The Blogess is (if you couldn't guess) a blogger who has recently gotten some fame in the blogosphere. I find her hysterical, but she's beyond irreverent and completely inappropriate, in terms of her language. If you don't like that kind of thing, please don't click through to anything of hers!
But, one of her most recent posts is incredibly important, because it deals with her depression (about which she has talked freely) and even her self harming behavior (about which she hadn't talked until now). Here's the whole of the first part, in case you don't want to click through:
If you follow me on twitter you already know that I’ve been battling off one of the most severe bouts of depression I’ve ever had. Yesterday it started to pass, and for the first time in weeks I cried with relief instead of with hopelessness. Depression can be crippling, and deadly. I’m lucky that it’s a rare thing for me, and that I have a support system to lean on. I’m lucky that I’ve learned that depression lies to you, and that you should never listen to it, in spite of how persuasive it is at the time.
When cancer sufferers fight, recover, and go into remission we laud their bravery. We call them survivors. Because they are.
When depression sufferers fight, recover and go into remission we seldom even know, simply because so many suffer in the dark…ashamed to admit something they see as a personal weakness…afraid that people will worry, and more afraid that they won’t. We find ourselves unable to do anything but cling to the couch and force ourselves to breathe.

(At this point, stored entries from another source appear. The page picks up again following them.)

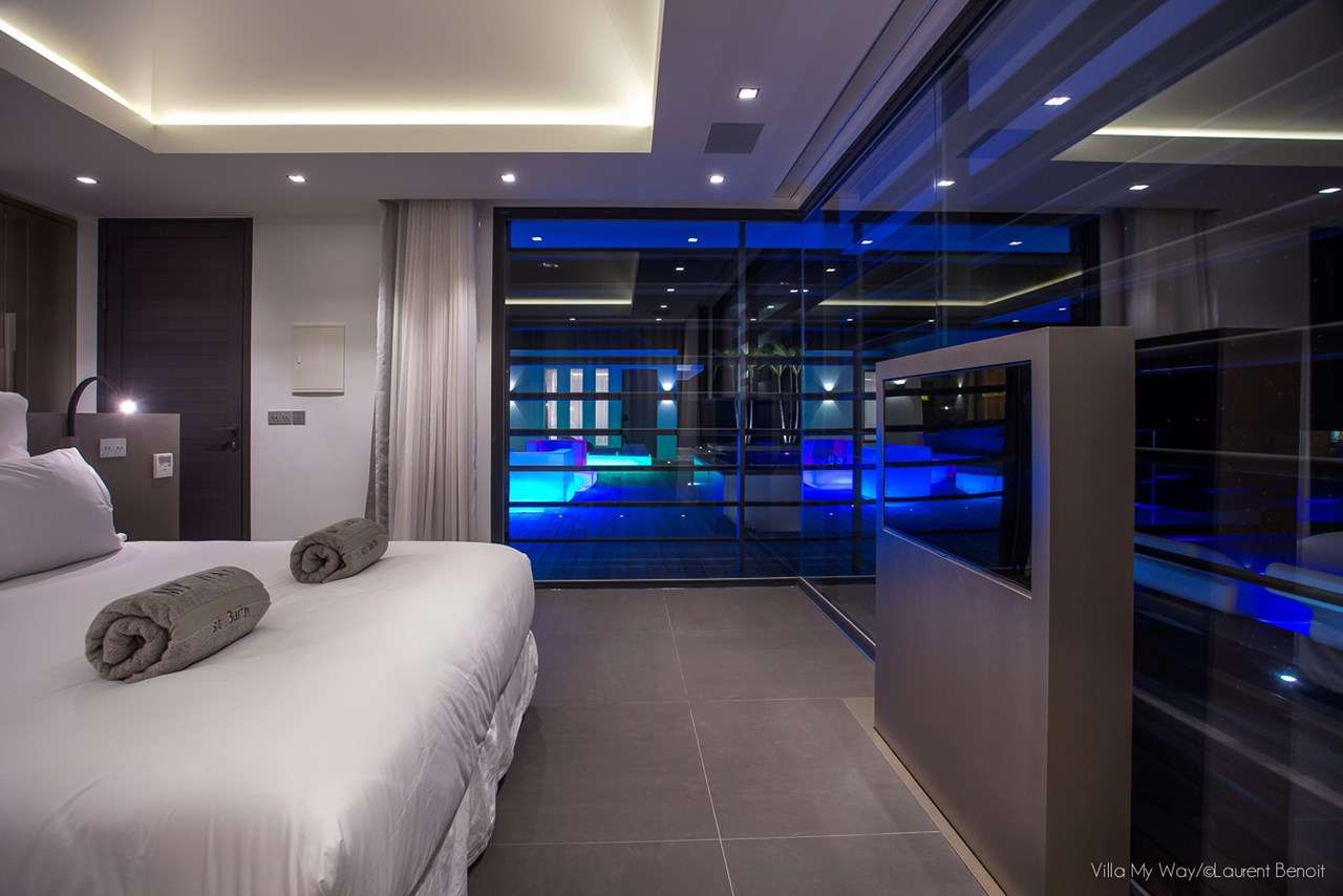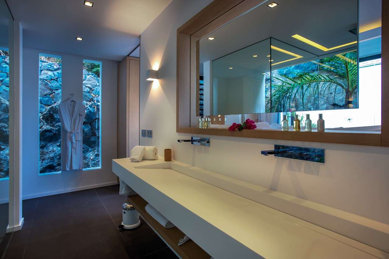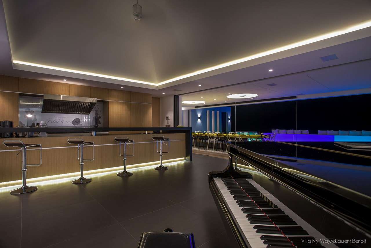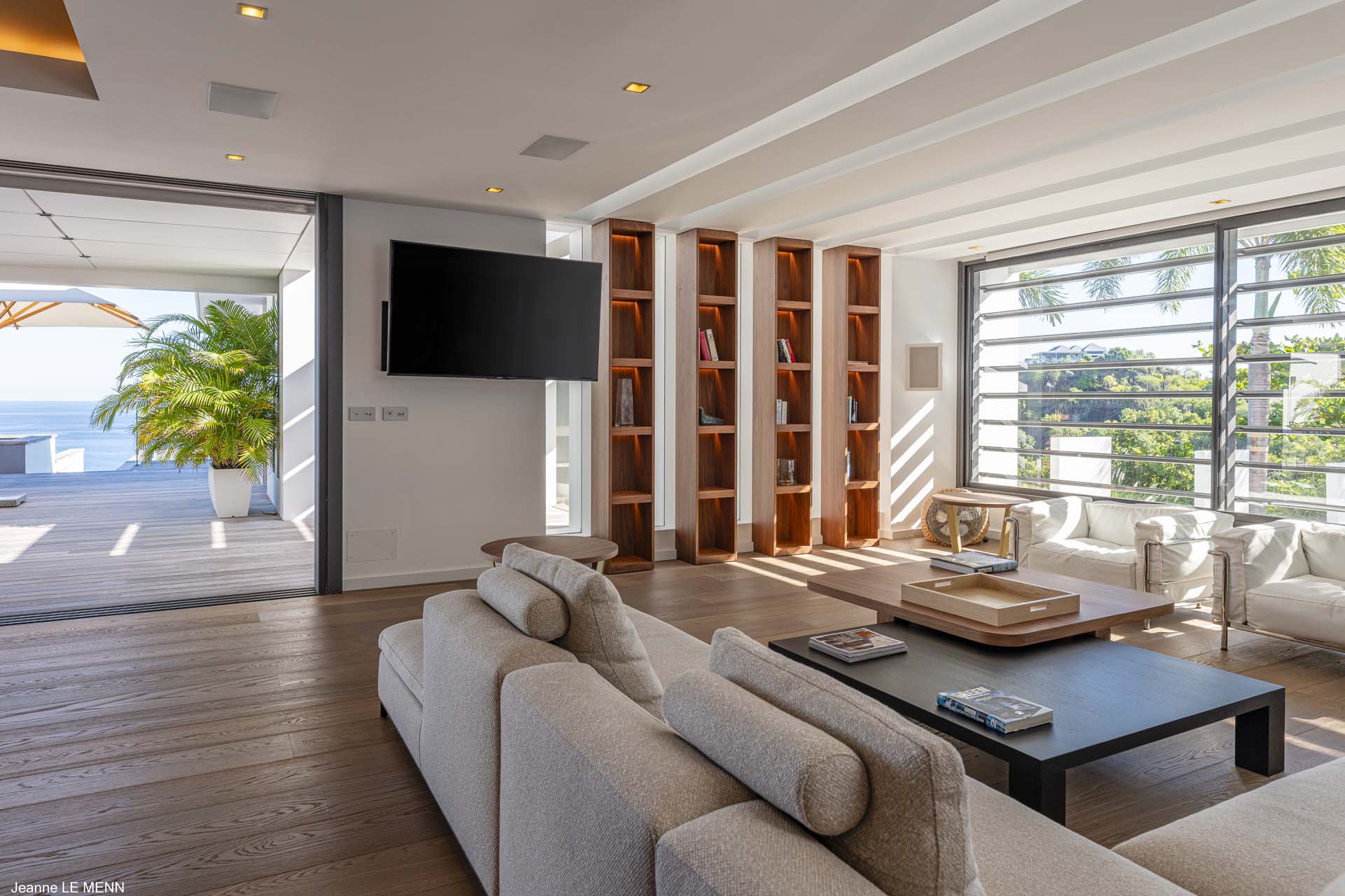 Unplug and unwind at Villa My Way (villa code: WV WAY), an elegant 5-bedroom villa located in Colombier, St. Barts. Stylish and effortlessly cool, this island home is within minutes from beaches and shopping and enjoys sweeping views over the Caribbean and offshore islands. Villa My Way’s name and décor are an homage to Frank Sinatra; expect sleek and slightly retro interiors, a grand piano centerpiece, and photos of the singer adorning the walls. A great mix of modern touches with old-world charms, this glamorous villa feels like a celebrity’s private vacation home – a superb choice for a low-key island escape in St. Barts. Located on the hillside of Colombier, Villa My Way enjoys incredible views of the islands Île Toc Vers, Île Frégate, and Île Bonhomme. Both Flamands and Corossol Beach are a short drive away, and the fantastic restaurants and bars of Gustavia are around 10 minutes by car. Like Sinatra himself, the living spaces of Villa My Way are cool, classy, and smooth. A clean and luxurious design gives way to superb ocean views, while unique touches inside like a grand piano in the living room and customized high-end furnishings give the home some retro charms. The pared-back living room is sleek in contemporary grays and whites, and of course, opens to a built-in bar. A stylish sectional sofa is a comfortable spot to kick back and relax, with a projector letting you immerse yourself in movies. The gourmet, well-equipped kitchen at Villa My Way has the latest appliances, making cooking here a breeze. A backsplash features a quote from Sinatra’s song “My Way”, adding a touch of whimsy to the space. The kitchen can be closed off with a remote-controlled screen or opened to a covered terrace. The latter is where you’ll find the dining table, clad in bright yellow that adds a lively pop of color to the minimalist décor inside Villa My Way. There’s seating for up to 18 guests, making entertaining guests easy – and you’re going to want to show off this villa. After a day of lounging in the villa or exploring St. Barts, there are 5 bedrooms to retreat to inside Villa My Way. Floor-to-ceiling windows let in natural light, casting the island sun across queen-sized beds and his and hers dressing rooms. Retractable TVs emerge from under the floor, offering both U.S. and French satellite channels. All five bedrooms also come with a luxurious ensuite bathroom and blackout curtains for an incredible night’s sleep after a day of activities. Our concierge is happy to help organize some fun on St. Barts during your stay, from restaurant reservations to private wine tastings. Spending time outside at Villa My Way is a great way to enjoy a day in St. Barts. You’ll be drawn to the outdoor living space, with a large and comfortable retro couch facing the ocean, letting you get lost in the alluring views. The terrace is home to two separate infinity pools, with fantastic views from the edge of both. You could spend a day dipping in and out of the water between sunbathing sessions. At night, dramatic lighting beautifully showcases the contemporary architecture of this outdoor space. For days on the sand, Flamands Beach is a short drive away. This sweep of white sand and shimmering water is a beautiful spot for swimming. Also nearby is the trailhead for the trek to the remote Colombier Beach. A well-equipped gym with a glass wall faces the sea on the lower level, while an underground garage offers space for 11 vehicles. During the December holidays, the villa rents at the full occupancy rate regardless of how many bedrooms are used.Please fill out the form to begin your inquiry and we will connect you with a seasoned villa rental specialist.
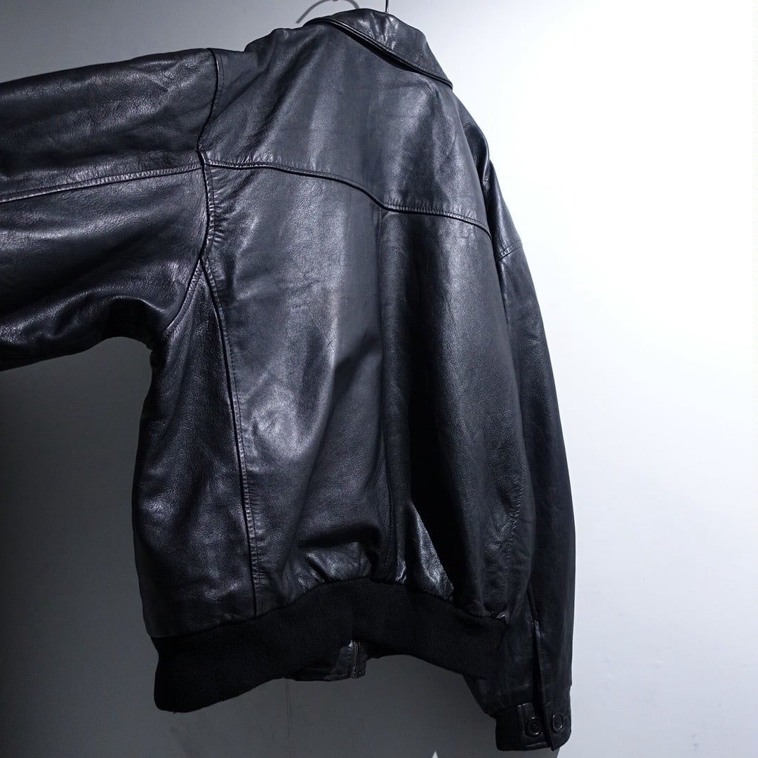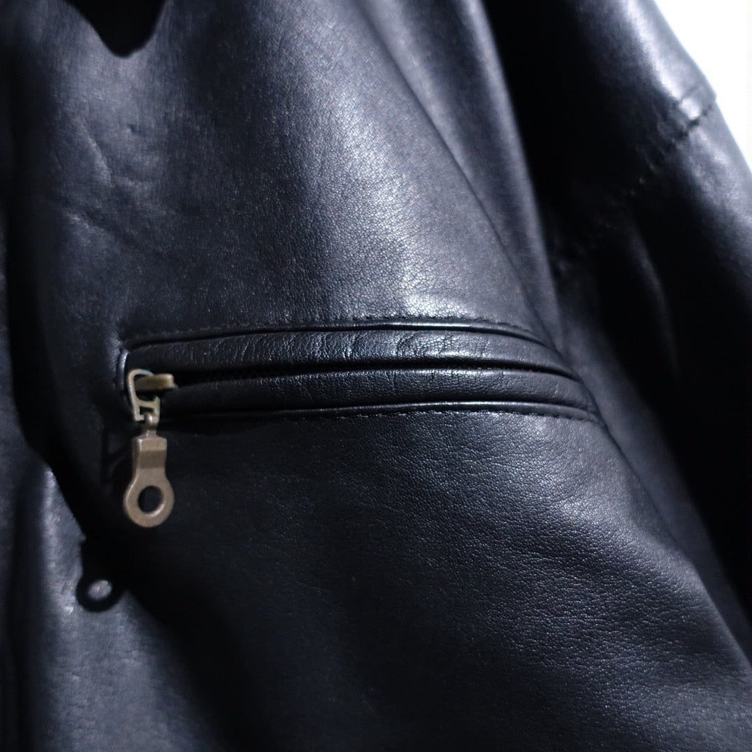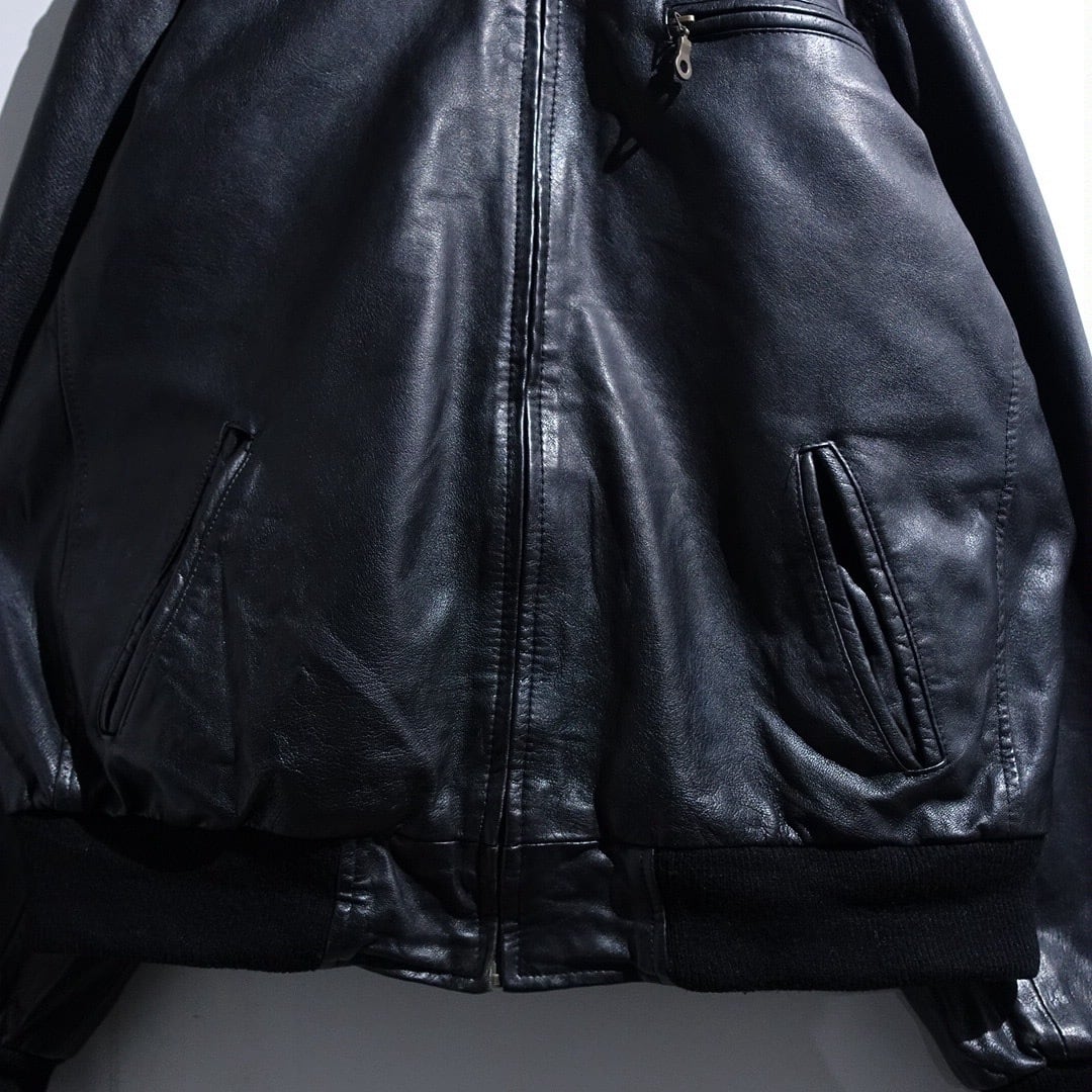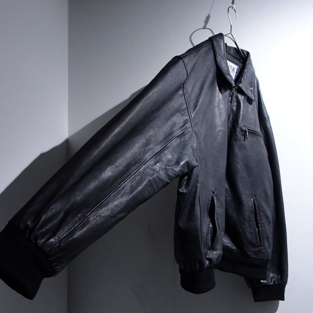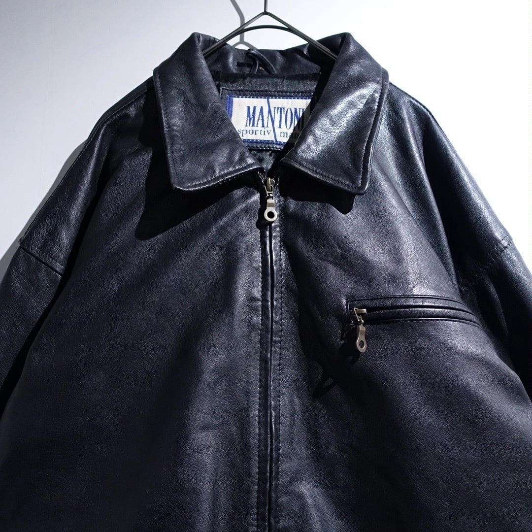EURO Black Leather Design Zip Blouson
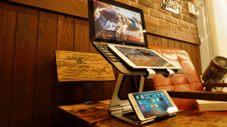 放眼望去,目前市面上賣的平板架還是手機架都是單一尺寸,手機架大都在6吋以下,而平板架則是7~10吋,筆電架更是難以見到,去三創買筆電架,賣場人員還說筆電就筆電,哪有那種東西,實在是大家都忽略了一個好的固定架的價值。今日APEX STAND一次滿足手機、平板、筆電的擺置,透過APEX STAND的多段式延展角度,可將不同裝置的螢幕以水平視線作觀看,不但能避開螢幕反光,符合人體工學的機構設計,更是姿勢不良造成痠痛的終結者。APEX STAND本身有相當不錯的穩定性,同時放上三種裝置也不搖晃,在放置筆電處,也特別加上橡膠,預防機身相互被刮傷,但放手機的9.5mm的固定槽內沒有設計橡膠,這部分可以稍作改良,而在支架後方還有整線凹槽,能讓傳輸線與充電線能夠整齊的收納。
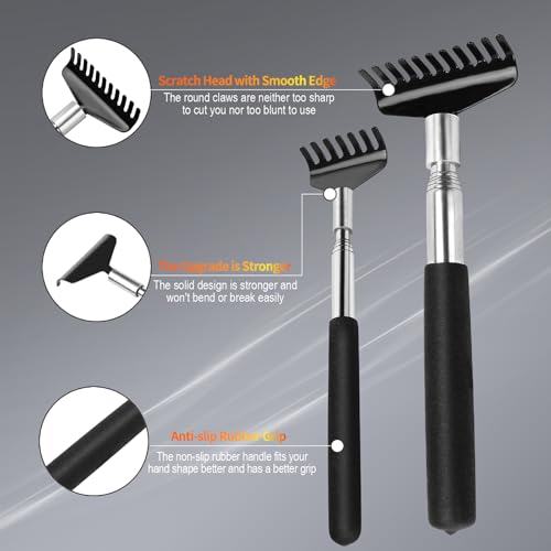HIGH-QUALITY MATERIAL: Our extendable back scratcher is made from stainless steel that will never rust, keeping it brand new. The claw part is hard to bend, break, or deteriorate after a long time of use. The anti-slip handle is built from soft rubber and fits perfectly in your hand.
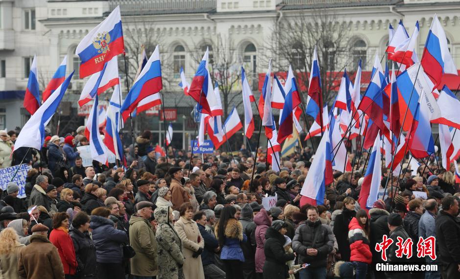 当地时间3月9日,支持克里米亚加入俄罗斯的民众手举俄罗斯国旗游行。继8日集会后,当日支持克里米亚加入俄罗斯的民众再度举行大规模集会。中新社发 王修君 摄
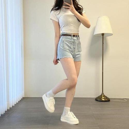 [에이치플러스몰]투버튼 여성용 블루진 하프팬츠 밴드캐주얼 청반바지
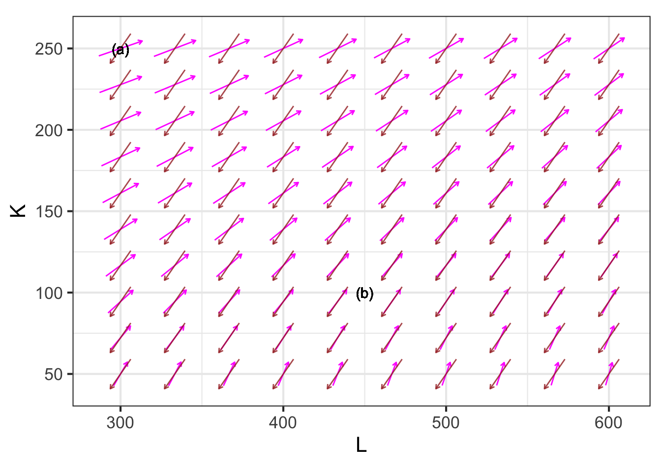 Figure fig-cobb-doug-grad shows two gradient fields, one for the production function in the factory-design example and one for expenditure. (The negative of the expenditure gradient is shown, since the goal is to keep expenditures small.)
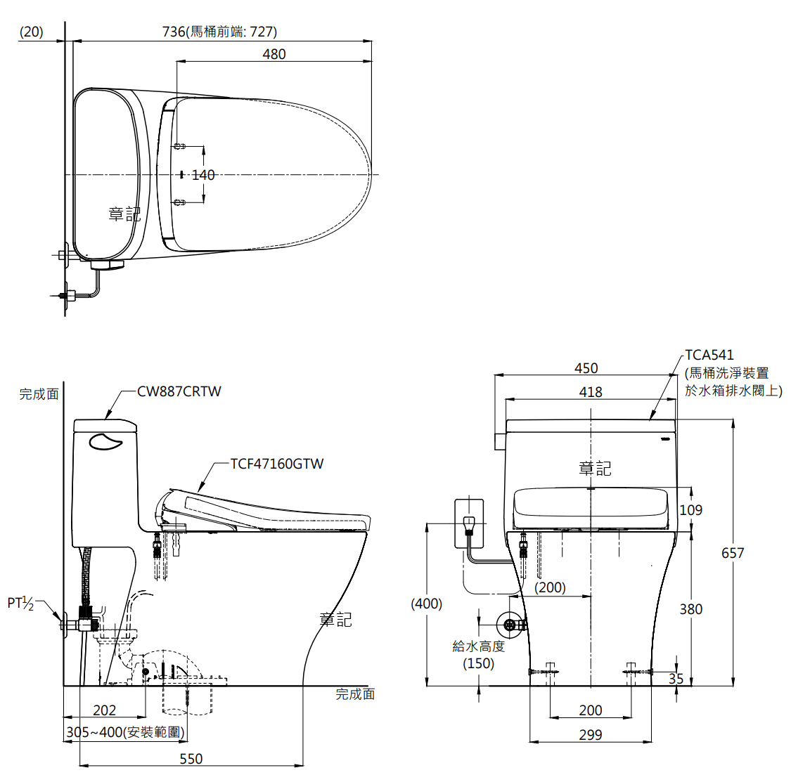 TOTO 除菌全自動馬桶 CCW887S7NA 尺寸圖
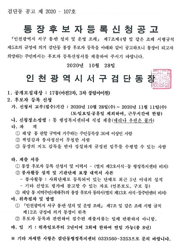 검단동 통장공개모집공고(17통장)
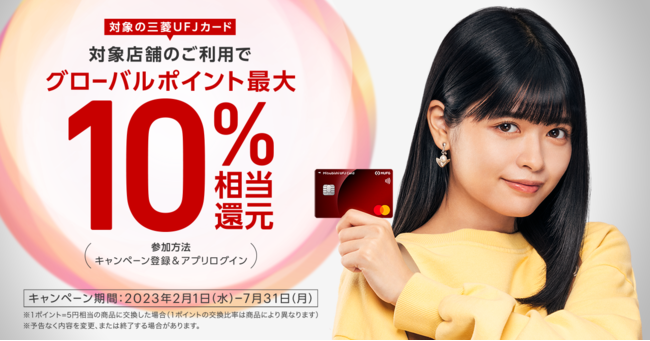 三菱UFJニコスは2月1日から7月31日まで、「三菱UFJカード」個人会員向けに、ポイント優遇サービス加盟店での利用額(上限10万円)の最大10%相当(※)のポイントをもれなく進呈するキャンペーンを開催します。 (※)1ポイント=5円換算の商品と交換した場合

When you come out of the grips of a depression there is an incredible relief, but not one you feel allowed to celebrate. Instead, the feeling of victory is replaced with anxiety that it will happen again, and with shame and vulnerability when you see how your illness affected your family, your work, everything left untouched while you struggled to survive. We come back to life thinner, paler, weaker…but as survivors. Survivors who don’t get pats on the back from coworkers who congratulate them on making it. Survivors who wake to more work than before because their friends and family are exhausted from helping them fight a battle they may not even understand.
Regardless, today I feel proud. I survived. And I celebrate every one of you reading this. I celebrate the fact that you’ve fought your battle and continue to win. I celebrate the fact that you may not understand the battle, but you pick up the baton dropped by someone you love until they can carry it again. I celebrate the fact that each time we go through this, we get a little stronger. We learn new tricks on the battlefield. We learn them in terrible ways, but we use them. We don’t struggle in vain.
We are alive.
Depression is an evil, insidious, brutal disease. And, it can strike anyone—absolutely anyone. Man, woman. Young, old. Smart, not so smart. Popular, outcast. Anyone.
Someone you work with is struggling with depression.
Someone in your school is struggling with depression.
Someone in your (extended, at least) family is struggling with depression.
All these statements, and countless more like them, are almost undoubtedly true. Depression is all around us, yet somehow it's still not out in the open. Not completely. People feel shame about fighting depression. People feel guilty for suffering it. Like it's a sign of weakness.
It's not weakness. It's a disease.
If you are depressed, or you think you may be, or someone you know and love is—speak up. Reach out. Get help. Tell someone you love. Tell a counselor, or a social worker. A Rabbi, or other clergy. A teacher. A friend. Tell anyone.
No one should have to fight this disease alone. No one does.